Access provided by Autonomous University of Puebla. Download conference paper PDF

Survey of convolutional neural network accelerators on field-programmable gate array platforms: architectures and optimization techniques

Article 29 March 2024

Performance-oriented FPGA-based convolution neural network designs

Article 09 February 2023

A survey of FPGA-based accelerators for convolutional neural networks

Article 06 October 2018

Keywords

1 Introduction

In the past decade, artificial intelligence (AI) and machine learning (ML) instruments have gained considerable prominence due to advancements in computational structure which consists of area, power, and effectiveness. A range of programs have started using AI algorithms to improve overall efficiency than conventional methods. These applications include image processing [1], for example, face identification, banking and statistical surveying [2], mechanical arms in the robotized producing area [3], medical services applications [4], database administration and management [5], and face checking and investigation security applications [6].

The explosive development of big data over the past decade has inspired revolutionary approaches to obtain data from various sensors such as photos and voice samples. In reality, these Convolution Neural Networks (CNNs) [7] now are conceived as the standard method among the proposed methods by delivering “human-like” accuracy in various computer vision-related applications, such as classification [8], detection, segmentation [9], and speech recognition [10].

As CNNs need up to 38 GOP/s to identify a single frame [11], this output is obtained at the expense of a high computational price. Hence, to accelerate their execution, dedicated hardware is required. The most frequently used platform for implementing CNNs is Graphics Processing Units (GPUs), as they provide the highest performance with respect to computational throughput, hitting 11 TFLOP/s [12].

Nonetheless, FPGA systems are considered to be better energy efficient in terms of power consumption (vs GPUs). Thereby, several FPGA-based CNN accelerators were suggested, targeting both data centers for High Performance Computing (HPC) [13] and embedded applications [14].

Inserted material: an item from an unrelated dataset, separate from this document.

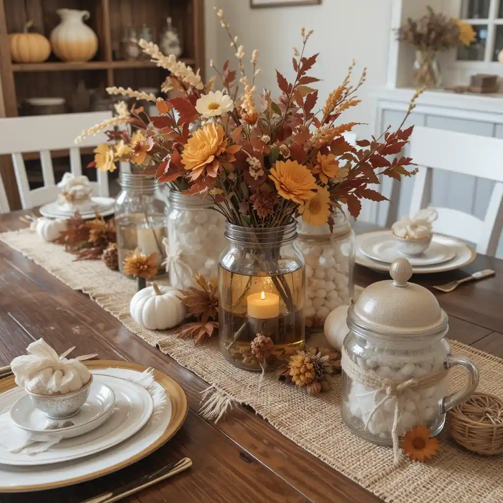Decorate with mason jars, burlap runners, and wooden crates to give your Thanksgiving a cozy farmhouse aesthetic.

Although GPU implementations have shown exceptional computational efficiency, for two reasons, CNN acceleration is heading momentarily towards FPGAs. First, recent advances in FPGA technology have brought about FPGA performance with a recorded performance of 9.2 TFLOP/s for the latter in striking distance to GPUs. Second, recent CNN production patterns are increasing the sparsity of CNNs and using extremely compact types of data.

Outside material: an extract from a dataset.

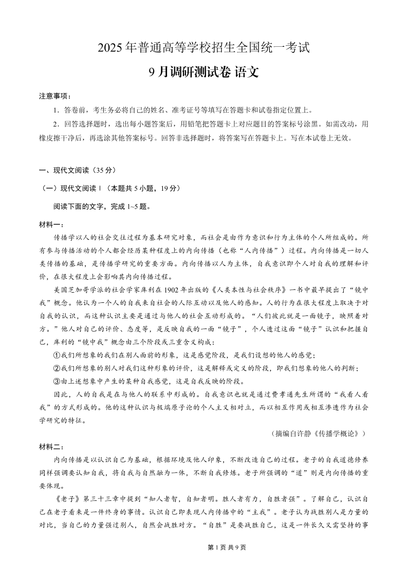 重庆康德2025年普通高中学业水平选择性考试9月调研测试卷语文

The remaining paper is structured in the following way: Literature Review, summarizing the use of AI algorithms in the past decade. Explanation of CNN and challenges of FPGA-based implementation. A detailed analysis of FPGA, GPU, and ASIC-based implementation of AI networks which compares between the power, area performance, and efficiency parameters. Finally, we look into the optimizations available and scope of future research.

2 Literature Review

Lately, the application of AI algorithm as a replacement of conventional algorithms have become popular. With the advent of ML and AI, there is a worry to basically address computational cost and power-burning through AI calculations. This leads to the necessity for particular equipment with high capacity to perform AI estimations with large scope issues [15]. The aim of all the research is to achieve better and more capable handling of AI algorithmic calculations. Numerous researches have been conducted over the span of the latest decade discussing hardware and programming advancements and execution strategies in this field [1, 16,17,18,19,20,21].

Here in Table 1, we discuss corresponding survey articles published roughly between 2009 and 2019 on the implementation of AI algorithms, more precisely neural nets for hardware. Few studies have covered hardware implementations of artificial neural networks [16, 19, 20]. While other studies have centered on FPGA-based deep learning neural network accelerators [1, 17, 18]. In [19], the FPGA implementation of coevolutionary neural networks was the subject of the authors (CNNs). The survey addressed GPU implementations in [21].

Table 1 A comprehensive compendium of survey papers

Full size table

This examination distinguishes and addresses various papers. These papers were evaluated as per the hardware used. The bulk of the documents include FPGA-based implementations. With its high adaptability and solidness, the FPGA is viewed as a promising option for the use of these calculations. Likewise, recent FPGA design improvements have brought about making it more accessible because of which profound learning research has procured significant consideration [23].

One of the powerful “application-specific integrated circuit” (ASICs) is also used for AI algorithm implementation. ASICs are personalized chips that are conceived for a particular purpose. They save high-power and are speed-efficient, consume less silicon area, making them ideal solutions for accelerating AI algorithms [24]. To accelerate AI algorithms, graphical processing units (GPUs) are also used to pace up algorithms to hundreds of times the initial speed [25]. GPUs are made to carry out scalar and parallel intensive computing [26]. Unlike multicore CPUs, when accessing DRAM memories, GPUs try not to depend on shrouded latencies utilizing large cache memories [27]. Such highlights have made GPUs increasingly more useful for AI acceleration.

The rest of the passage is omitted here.